### PROVIDED MATERIAL

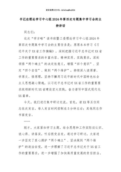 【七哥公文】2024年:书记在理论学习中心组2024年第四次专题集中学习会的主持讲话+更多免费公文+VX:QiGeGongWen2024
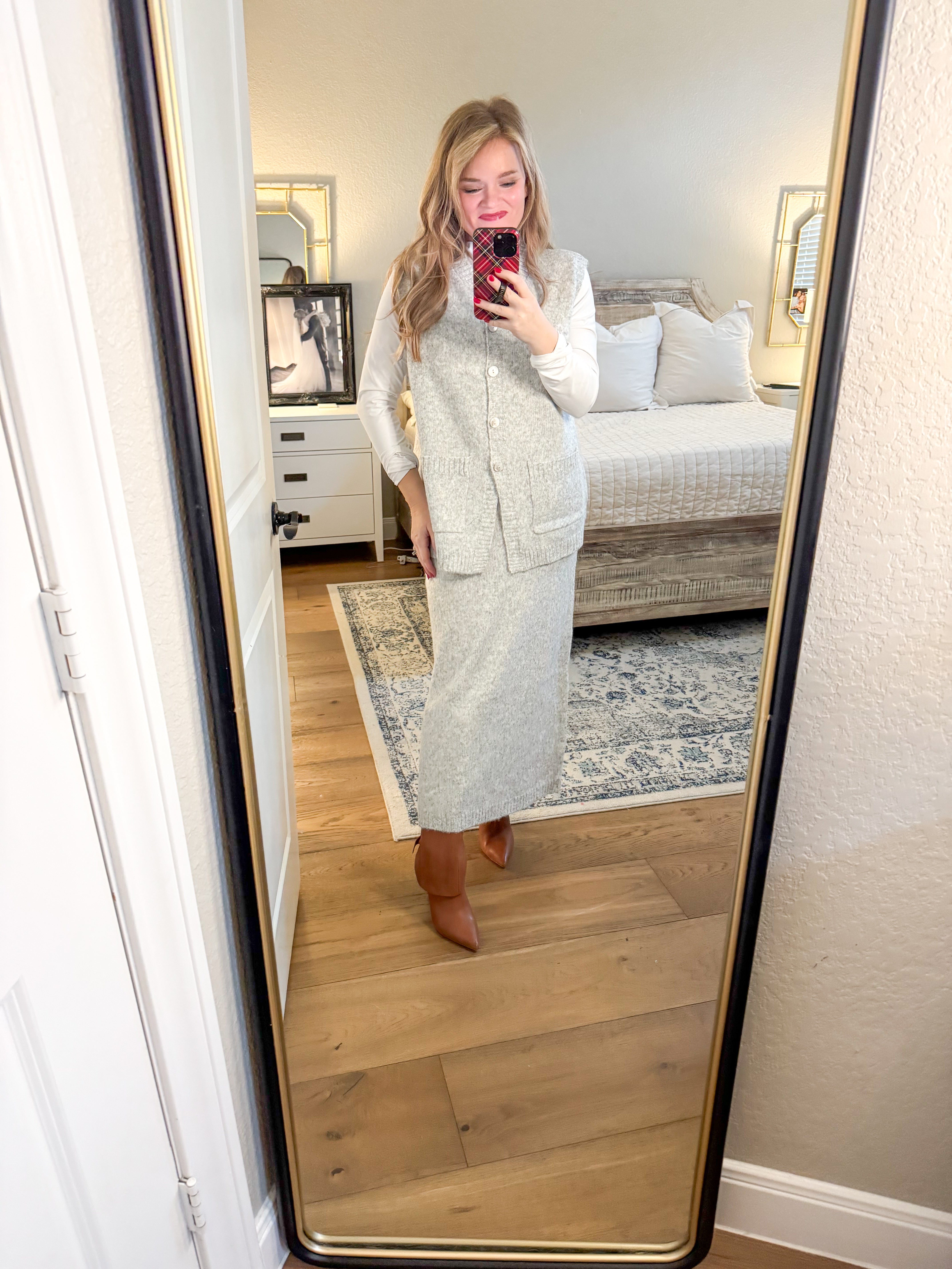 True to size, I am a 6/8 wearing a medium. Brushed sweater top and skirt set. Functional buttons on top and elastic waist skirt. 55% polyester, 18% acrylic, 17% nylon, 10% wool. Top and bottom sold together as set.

* * *

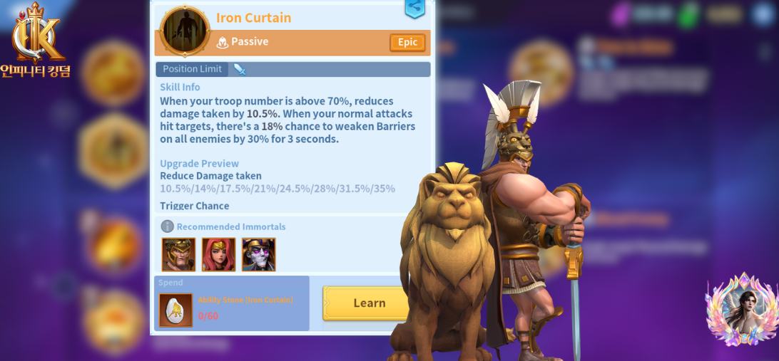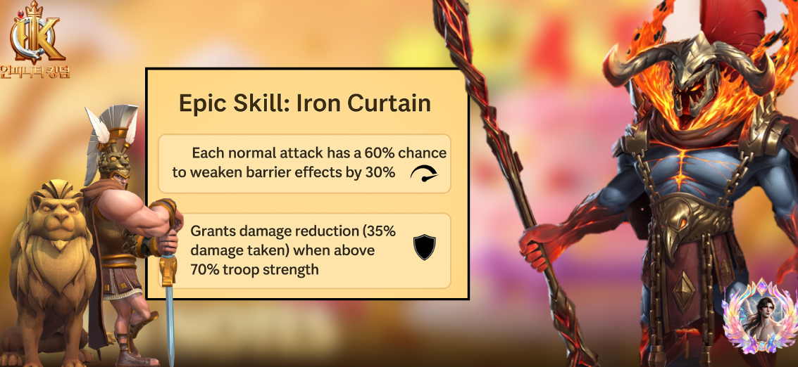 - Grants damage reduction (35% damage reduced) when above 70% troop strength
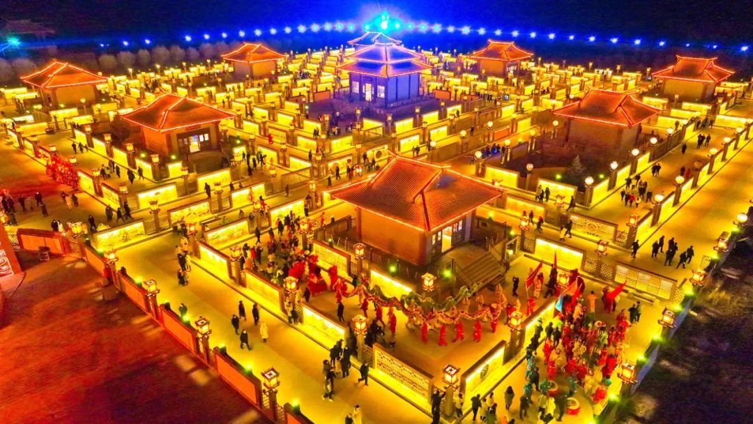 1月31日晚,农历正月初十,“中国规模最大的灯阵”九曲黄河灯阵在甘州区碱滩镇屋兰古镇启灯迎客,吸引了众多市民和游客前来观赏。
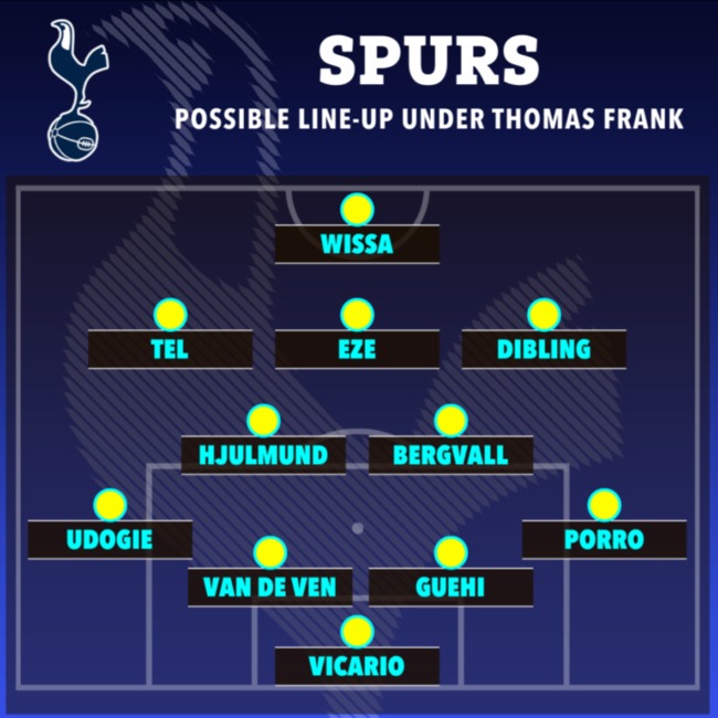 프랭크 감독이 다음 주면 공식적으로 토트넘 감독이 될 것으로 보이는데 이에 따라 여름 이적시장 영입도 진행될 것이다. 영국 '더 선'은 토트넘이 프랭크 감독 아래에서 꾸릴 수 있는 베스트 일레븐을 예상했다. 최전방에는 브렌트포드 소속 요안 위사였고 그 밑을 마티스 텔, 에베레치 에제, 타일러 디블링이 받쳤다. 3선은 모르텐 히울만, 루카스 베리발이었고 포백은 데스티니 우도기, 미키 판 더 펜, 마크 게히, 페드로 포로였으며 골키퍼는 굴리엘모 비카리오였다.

---

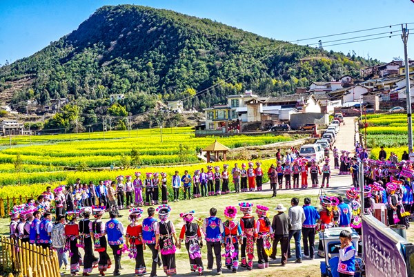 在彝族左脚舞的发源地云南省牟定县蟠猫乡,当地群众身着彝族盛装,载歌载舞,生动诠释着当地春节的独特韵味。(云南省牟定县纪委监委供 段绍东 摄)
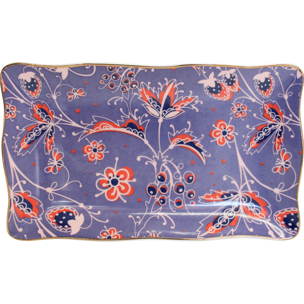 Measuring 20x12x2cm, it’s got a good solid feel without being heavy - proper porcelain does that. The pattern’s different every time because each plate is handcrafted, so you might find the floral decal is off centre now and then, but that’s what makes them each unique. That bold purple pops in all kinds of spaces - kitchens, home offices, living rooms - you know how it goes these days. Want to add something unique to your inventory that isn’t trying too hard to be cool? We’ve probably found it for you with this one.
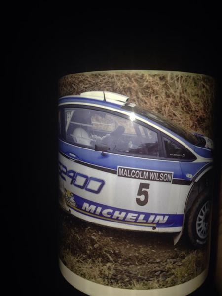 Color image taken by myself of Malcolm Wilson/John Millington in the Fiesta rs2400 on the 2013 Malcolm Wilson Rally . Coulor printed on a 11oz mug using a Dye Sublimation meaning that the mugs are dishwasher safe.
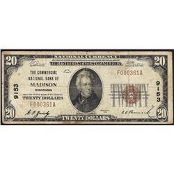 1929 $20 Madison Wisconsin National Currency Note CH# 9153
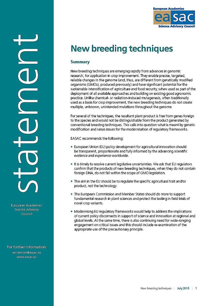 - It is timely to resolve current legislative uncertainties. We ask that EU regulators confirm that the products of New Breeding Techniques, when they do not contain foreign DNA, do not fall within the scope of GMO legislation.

### TO DO
From the records above, copy exactly the lines starting at the one with "Color image taken" and ending at the one with "- It is timely", and no others. Pictures stay out.

### RESPONSE AREA
 Color image taken by myself of Malcolm Wilson/John Millington in the Fiesta rs2400 on the 2013 Malcolm Wilson Rally . Coulor printed on a 11oz mug using a Dye Sublimation meaning that the mugs are dishwasher safe.
 1929 $20 Madison Wisconsin National Currency Note CH# 9153
 - It is timely to resolve current legislative uncertainties. We ask that EU regulators confirm that the products of New Breeding Techniques, when they do not contain foreign DNA, do not fall within the scope of GMO legislation.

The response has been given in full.